A developing ecosystem shows promise in reversing the plummeting rates of “vetrepreneurship.” After World War II, roughly half of returning service members started their own ventures. About 40% of Korean War vets started businesses. Since 9/11, less than 5% have pursued their own ventures. A critical change: WWII vets had access to low-cost loans to start a business via the G.I. Bill, a feature the modern version is missing. Veterans are more likely to hire other veterans, so fewer vet-owned companies contributes to employment challenges for returning military professionals.
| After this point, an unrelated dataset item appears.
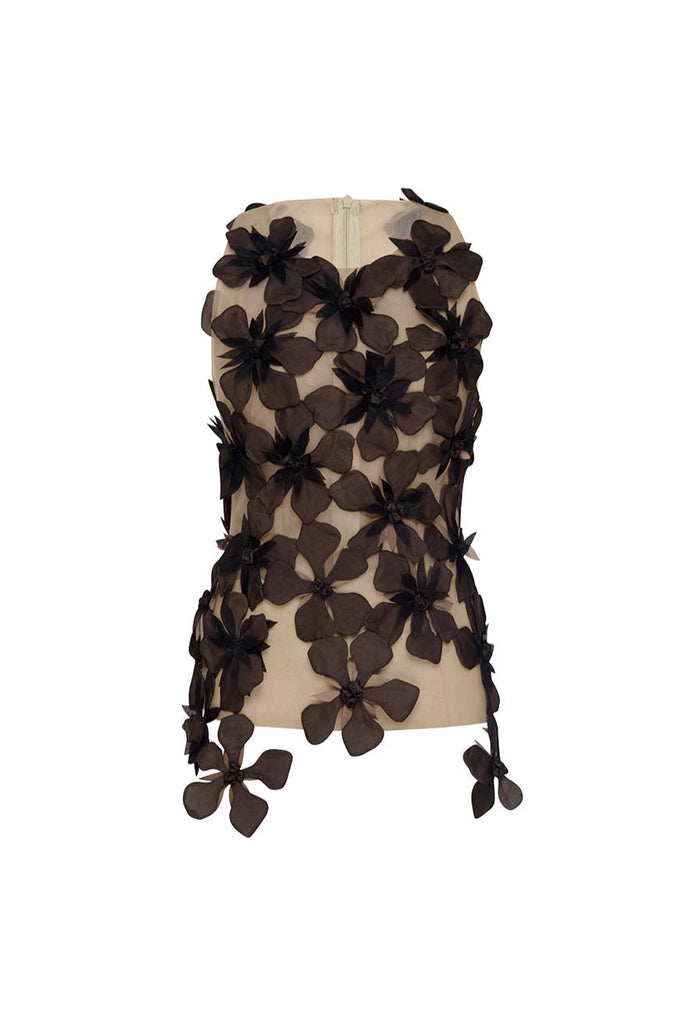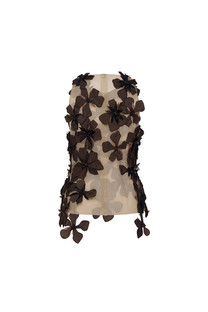 This sophisticated piece combines a sleek bodycon silhouette with delicate flower appliques on tulle overlay, creating a perfect balance of elegance and edge. The versatile black colorway ensures seamless integration with existing pieces while offering a refined aesthetic suitable for both evening events and elevated casual settings.

  • Dealflow. Denver-based CirrusMD raised $15 million in May to roll out its virtual health advice and diagnosis services to 200,000 patients at three V.A. facilities. The PenFed Foundation’s Veteran Entrepreneur Investment program invested in former naval aviator Abe Kamarck’s True Made Foods, which makes healthier, vegetable-based condiments like ketchup and sriracha. The U.S. Department of Veterans Affairs and agencies in Massachusetts and New York launched a three-year pay-for-success project to help veterans suffering post-traumatic stress disorder. Orion Talent, which matches companies and U.S. military veterans moving into the mainstream workforce, was acquired last year by private-equity firms L2 Capital Partners and Lakewood Capital.
  • Regional hubs. Two regions that stand out in a study by the Center for a New American Security: the Washington-Baltimore corridor and Austin, Texas, where the new U.S. Army Futures Command serves as a hub around which “veterans can build successful technology startups without flocking to Silicon Valley,” write the authors.
  • Access to capital. Angel and venture funds focusing specifically on veteran founders include Hivers & Strivers, Veteran Ventures Capital, TFX Capital and LunaCap Ventures. Veteran-run Bunker Labs offers networking, education and other services for veteran entrepreneurs in dozens of cities as well as online. Next month, yogurt maker Chobani will kick of its first incubator program for veteran-founded food startups.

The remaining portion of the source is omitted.